What is being asked: Copy the records that follow exactly as written, but not their pictures.

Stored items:
▼▼▼
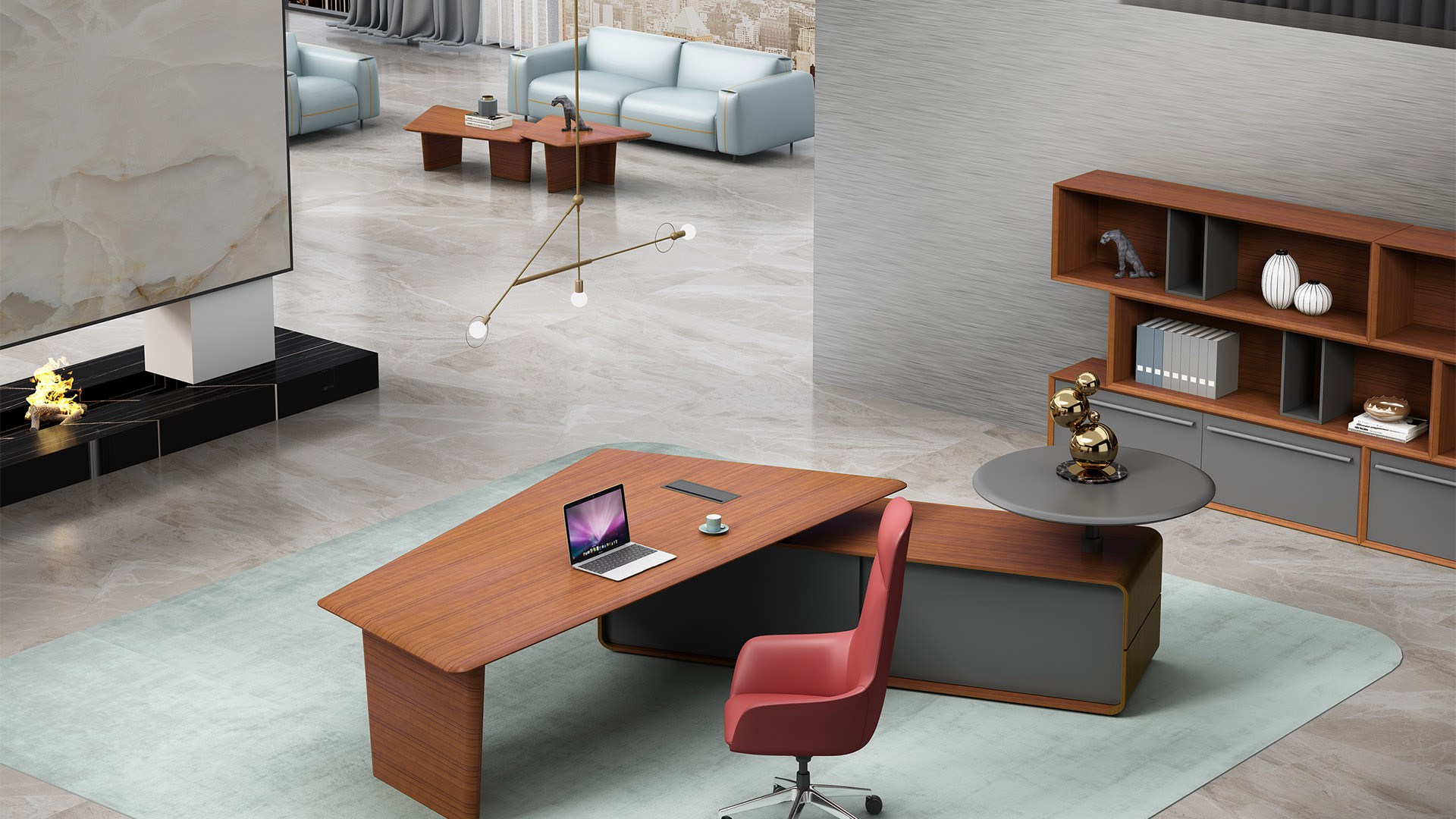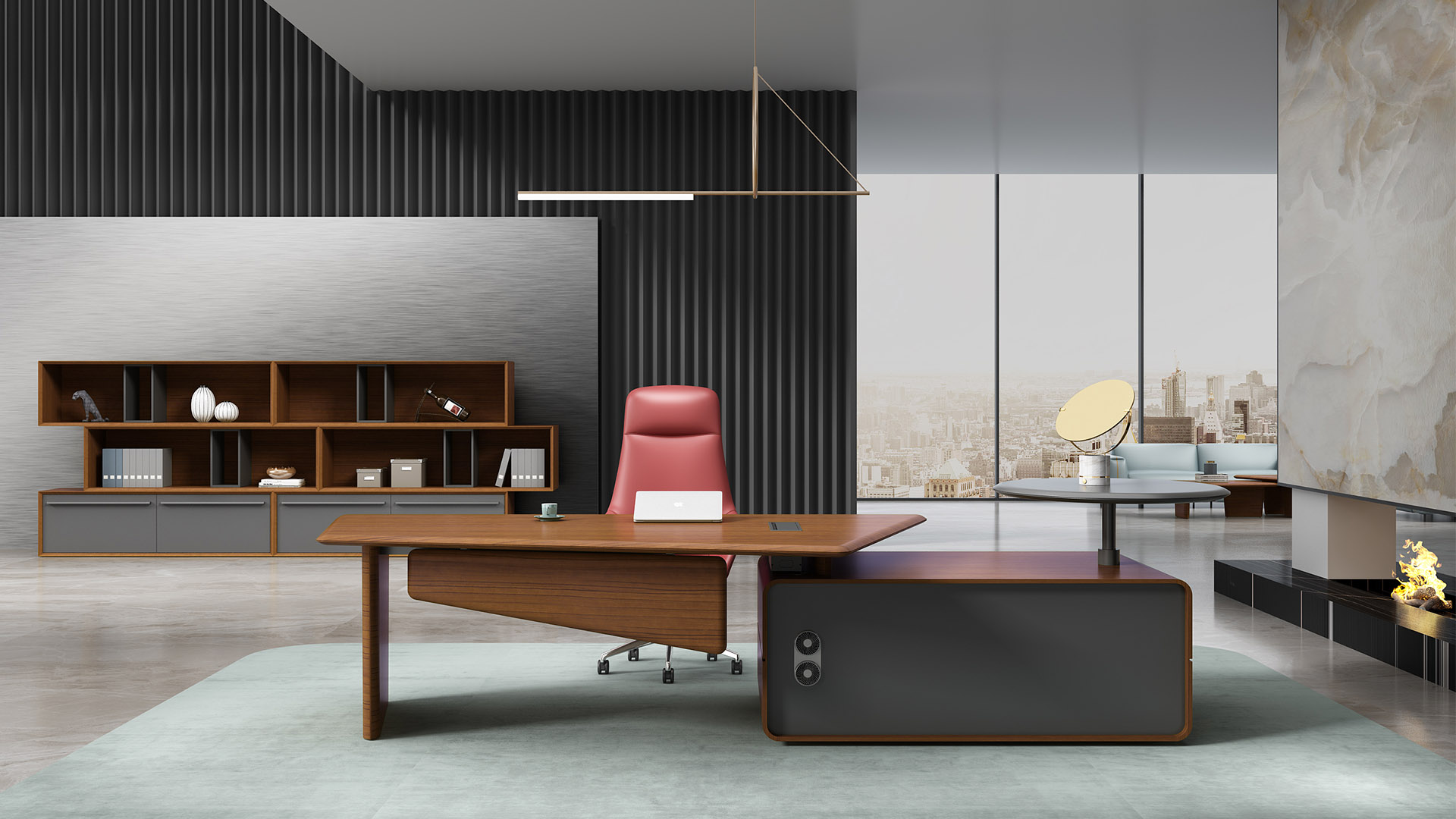 独特的台面造型,更好的兼顾了接洽的功能,是台面的功能 进一步延伸,给来访者提供更多的位置与空间。倾斜的侧柜 也让使用者有更大的活动空间,带来更广阔的视野。
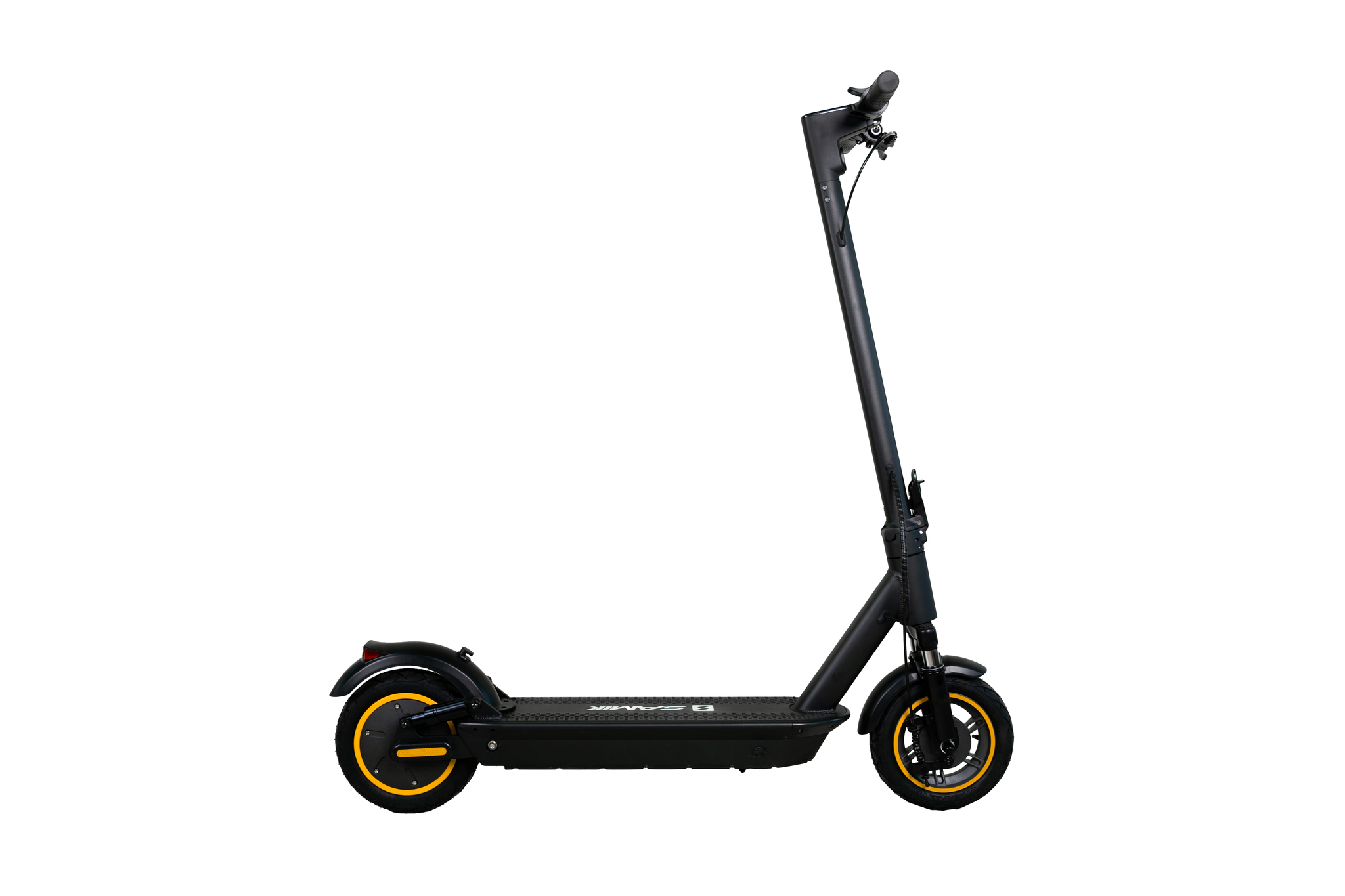 Электросамокат SAMIK MAX оснащён двигателем мощностью 500W и литий-ионной батареей 36V 14.5Ah, которая обеспечивает запас хода до 40 км. Максимальная скорость — до 31 км/ч. Модель выдерживает нагрузку до 130 кг и оснащена задним приводом, амортизаторами спереди и сзади, а также прочной алюминиевой рамой. Резиновые 10-дюймовые колёса и передний барабанный тормоз гарантируют надёжное торможение. Устройство дополнено влагозащитой IP56, LED-дисплеем, ABS-системой и поддержкой мобильных приложений для iOS и Android.
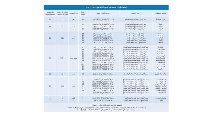 وفيما يلي نقدم رصداً لتسلسل الحكومات الكويتية وفترات استمراريتها وصولاً الى الحساب الدقيق لمتوسط أعمارها على مدى الفترة من يناير 1962 وحتى الوقت الحاضر (مايو 2012) (أنظر الجدول رقم (2).
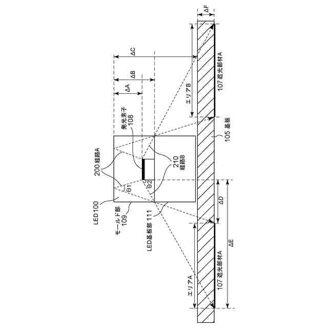 LEDから基板面に照射される光の迷光エリア1
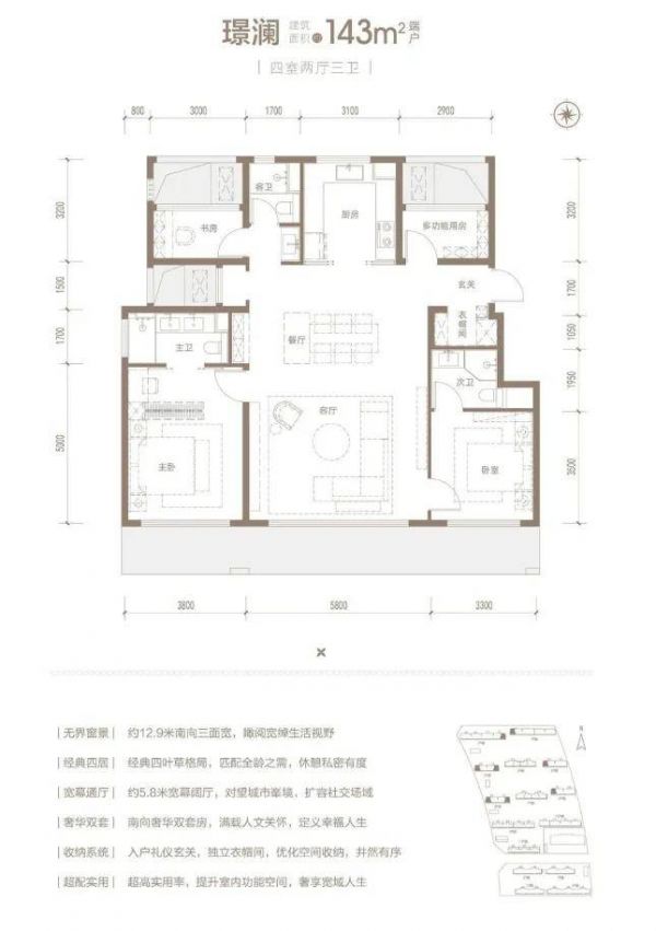 建面约143㎡四居三卫,入户玄关+独立衣帽间,出行起居更加便捷;超大客厅面宽约5.8米,轻松实现在家开party;南向双套房,北向书房+多功能厅,以及抢眼的黑科技,多口之家首选。
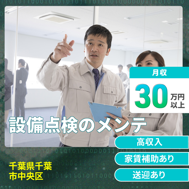 給与詳細 月収例 270,000円 時給例 1,687円 勤務地 千葉県千葉市中央区 仕事内容 ウィルオブ・ワークの正社員として取引先の設備・機械メンテナンスメーカーで勤務いただきます。
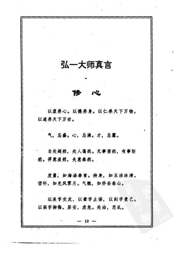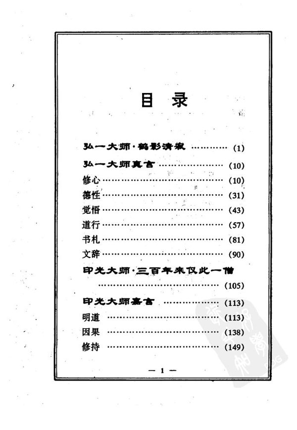 : 序 前言 目录 弘一大师 鹤影清寂 弘一大师真言 修心 德性 觉悟 道行 书札 文辞 印光大师 三百年来仅此一僧 印光大师嘉言 明道 因果 修持 净土 德育 问答 辞札 附录一 附录二
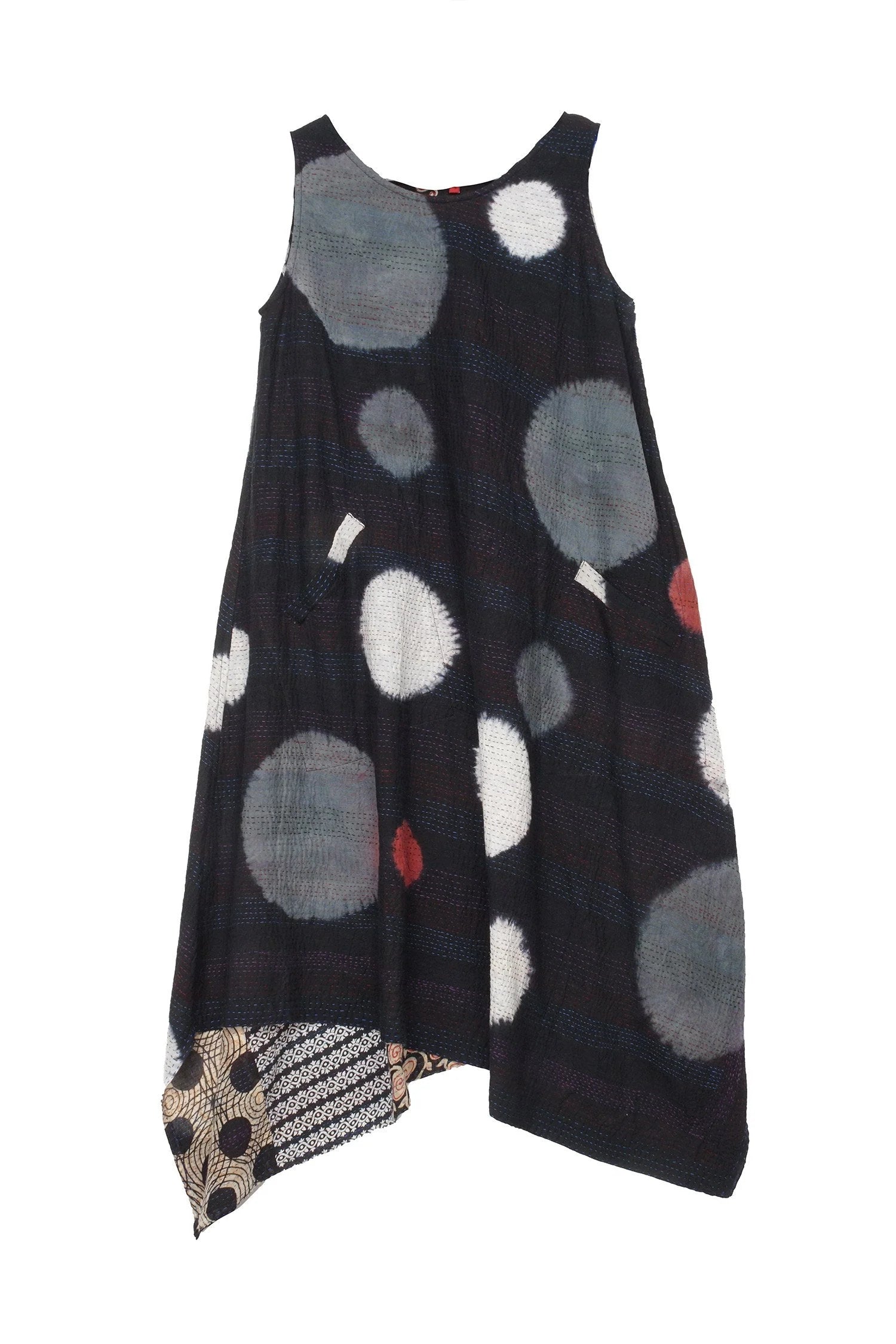 PATCH & CIRCLE PRINT KANTHA POINTY HEM DRESS - pc2415-blk -
▲▲▲
Answer box:
 独特的台面造型,更好的兼顾了接洽的功能,是台面的功能 进一步延伸,给来访者提供更多的位置与空间。倾斜的侧柜 也让使用者有更大的活动空间,带来更广阔的视野。
 Электросамокат SAMIK MAX оснащён двигателем мощностью 500W и литий-ионной батареей 36V 14.5Ah, которая обеспечивает запас хода до 40 км. Максимальная скорость — до 31 км/ч. Модель выдерживает нагрузку до 130 кг и оснащена задним приводом, амортизаторами спереди и сзади, а также прочной алюминиевой рамой. Резиновые 10-дюймовые колёса и передний барабанный тормоз гарантируют надёжное торможение. Устройство дополнено влагозащитой IP56, LED-дисплеем, ABS-системой и поддержкой мобильных приложений для iOS и Android.
 وفيما يلي نقدم رصداً لتسلسل الحكومات الكويتية وفترات استمراريتها وصولاً الى الحساب الدقيق لمتوسط أعمارها على مدى الفترة من يناير 1962 وحتى الوقت الحاضر (مايو 2012) (أنظر الجدول رقم (2).
 LEDから基板面に照射される光の迷光エリア1
 建面约143㎡四居三卫,入户玄关+独立衣帽间,出行起居更加便捷;超大客厅面宽约5.8米,轻松实现在家开party;南向双套房,北向书房+多功能厅,以及抢眼的黑科技,多口之家首选。
 給与詳細 月収例 270,000円 時給例 1,687円 勤務地 千葉県千葉市中央区 仕事内容 ウィルオブ・ワークの正社員として取引先の設備・機械メンテナンスメーカーで勤務いただきます。
 : 序 前言 目录 弘一大师 鹤影清寂 弘一大师真言 修心 德性 觉悟 道行 书札 文辞 印光大师 三百年来仅此一僧 印光大师嘉言 明道 因果 修持 净土 德育 问答 辞札 附录一 附录二
 PATCH & CIRCLE PRINT KANTHA POINTY HEM DRESS - pc2415-blk -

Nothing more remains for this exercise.